May 12, 2022 at 3:12 pm

Commemoration ceremony held in front of the US Congress on the anniversary of the death of Saudi journalist Jamal Khashoggi on 2 October 2021 [Yasin Öztürk/Anadolu Agency]

Former world number one, Greg Norman, has come under sharp criticism for defending a new $255m Saudi-funded golf tour by downplaying the murder of journalist, Jamal Khashoggi, who was brutally killed in 2018 in the Saudi Consulate in Istanbul.

Fielding questions about human rights in Saudi Arabia at an event to promote the new LIV Golf series, Norman appeared to minimise the killing of Khashoggi, by saying “we’ve all made mistakes.”

A declassified US intelligence report released in February 2021 asserted that the Saudi Crown Prince, Mohammed bin Salman, was complicit in Khashoggi’s killing – an allegation Bin Salman has denied. A 2019 UN report also reached a similar conclusion.

Norman, however, appeared keen to put the Khashoggi matter aside while promoting the breakaway golf league funded by the Saudis. “Look, we’ve all made mistakes and you just want to learn from those mistakes and how you can correct them going forward,” the 67-year-old Australian said.

The multi-million-dollar tour will be funded by Saudi’s Public Investment Fund (PIF), which provides the money for many sporting events, including Formula 1, boxing, football and golf. Bin Salman is the Chair of the fund.

Norman, who won two Open Championships and spent more than 300 weeks as world number one in the 1980s and 90s told BBC Sport on Tuesday that he had secured an extra $2bn from PIF that would allow his LIV Golf plans to stretch for “decades”.

The rival tour to the PGA – set to begin next month – has come under fire with critics claiming Saudi Arabia is using the sport of golf to “sportswash” its appalling human rights record.

READ: Golf superstar refuses to play in Saudi over ‘morality’ concerns

“It is so hurtful when Jamal’s brutal killing is brushed off as a ‘mistake’, and that we should just move on,” Hatice Cengiz, who was Khashoggi’s fiancée, said. “How can we go forward when those who ordered the murder are still unpunished, and continue to try to buy back their legitimacy?
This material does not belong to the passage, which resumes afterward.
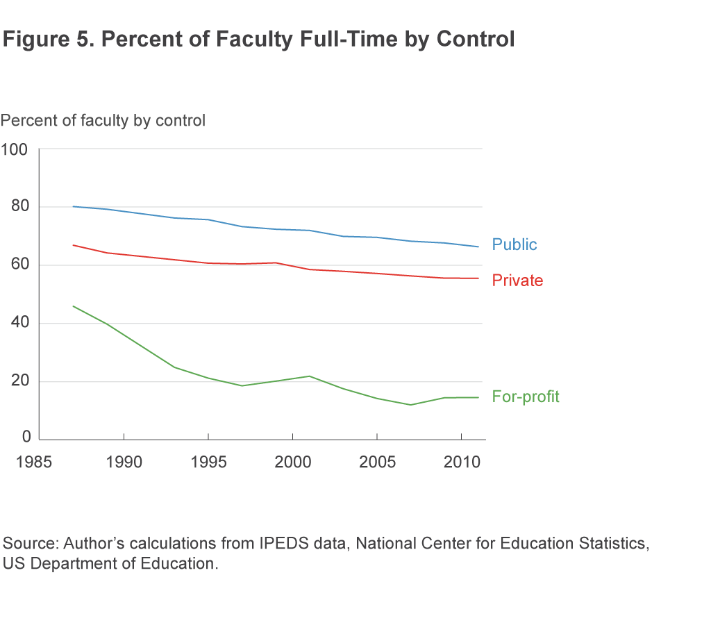 The shares of faculty who are full-time employees differ by institutional control—public, not-for-profit private, and for-profit. The percentage of full-time faculty is higher in the public sector than in the private sector, which is in turn higher than in the for-profit sector (figure 5). Furthermore, the decline in the share of full-time faculty discussed above has occurred in every sector. It is not, for example, solely an artifact of the growing size of the for-profit sector, which employs a higher share of part-time faculty than the other two sectors do.

We should not fall for their wealth and lies, and lose our morals and common humanity.”

The Saudi funded tour has not only sparked criticism because of human rights issue, it appears to have also created a power struggle in the golfing world. The PGA has threatened to ban anyone who plays in the breakaway tour. Norman told the BBC he had five of the world’s top 50 committed to the Centurion tournament.

Eight invitational events are scheduled for 2022, with Norman saying more will follow in 2023, with a team-based 14-event league running from 2024. The first seven tournaments will each have a prize fund of $25m, with $4m (£3.2m) going to the winner, and a $50m prize pot for the final event.